▶ **EXTRACTED DATA**

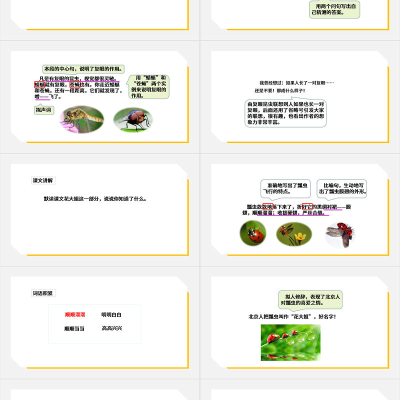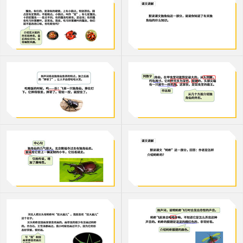 課文主題 這篇課文作者以昆蟲的特征為描述對象,側重記敘了復眼、花大姐、獨角仙、螞蚱這幾類昆蟲。表達了作者對昆蟲的喜愛之情和對大自然的熱愛。
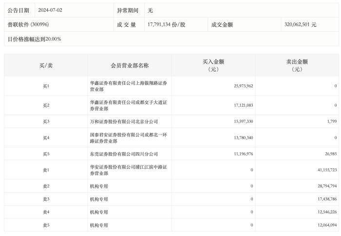 7月2日,普联软件今日涨停,龙虎榜数据显示,上榜营业部席位全天成交1.96亿元,占当日总成交金额比例为61.14%。其中,买入金额为8366.97万元,卖出金额为1.12亿元,合计净卖出2835.87万元。
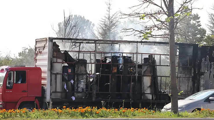 Ankara'da yanan kamyonun kasasındaki eşyalar kül oldu
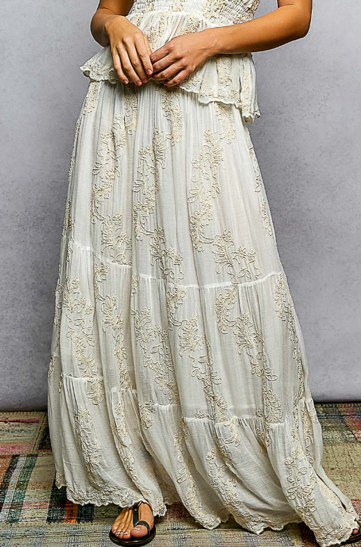 Twirl in style with this gorgeous maxi skirt, complete with delicate embroidery details, a charming tassel drawstring, and a comfy smocked waistband that hugs just right. Perfect for effortless elegance with a fun twist.
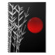 Bambusbäume und rote Sonne in schwarzem Zen-Kreis mit Tinte in traditioneller japanischer Malerei gezeichnet
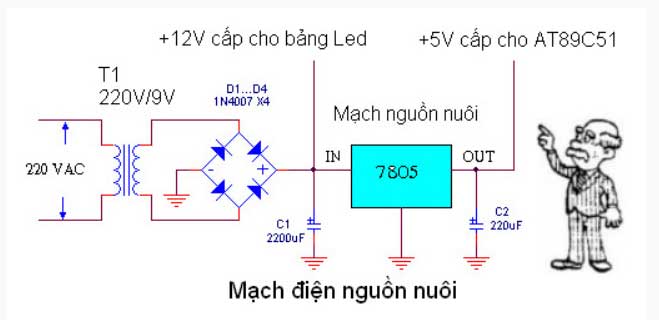 Ở đây, đường nguồn 15V (có thể dùng cấp điện cho các Led ở bảng đèn quảng cáo, với loại mạch có dùng transistor thúc), nó tạo ra đường nguồn 5V ổn định dùng để cấp điện cho IC AT89C51.

▶ **WHAT TO WORK ON**
The line containing "Twirl in style" and every line after it, up to the last line of the data, should be returned exactly, without the pictures.

▶ **SOLUTION TO THIS TASK**
 Twirl in style with this gorgeous maxi skirt, complete with delicate embroidery details, a charming tassel drawstring, and a comfy smocked waistband that hugs just right. Perfect for effortless elegance with a fun twist.
 Bambusbäume und rote Sonne in schwarzem Zen-Kreis mit Tinte in traditioneller japanischer Malerei gezeichnet
 Ở đây, đường nguồn 15V (có thể dùng cấp điện cho các Led ở bảng đèn quảng cáo, với loại mạch có dùng transistor thúc), nó tạo ra đường nguồn 5V ổn định dùng để cấp điện cho IC AT89C51.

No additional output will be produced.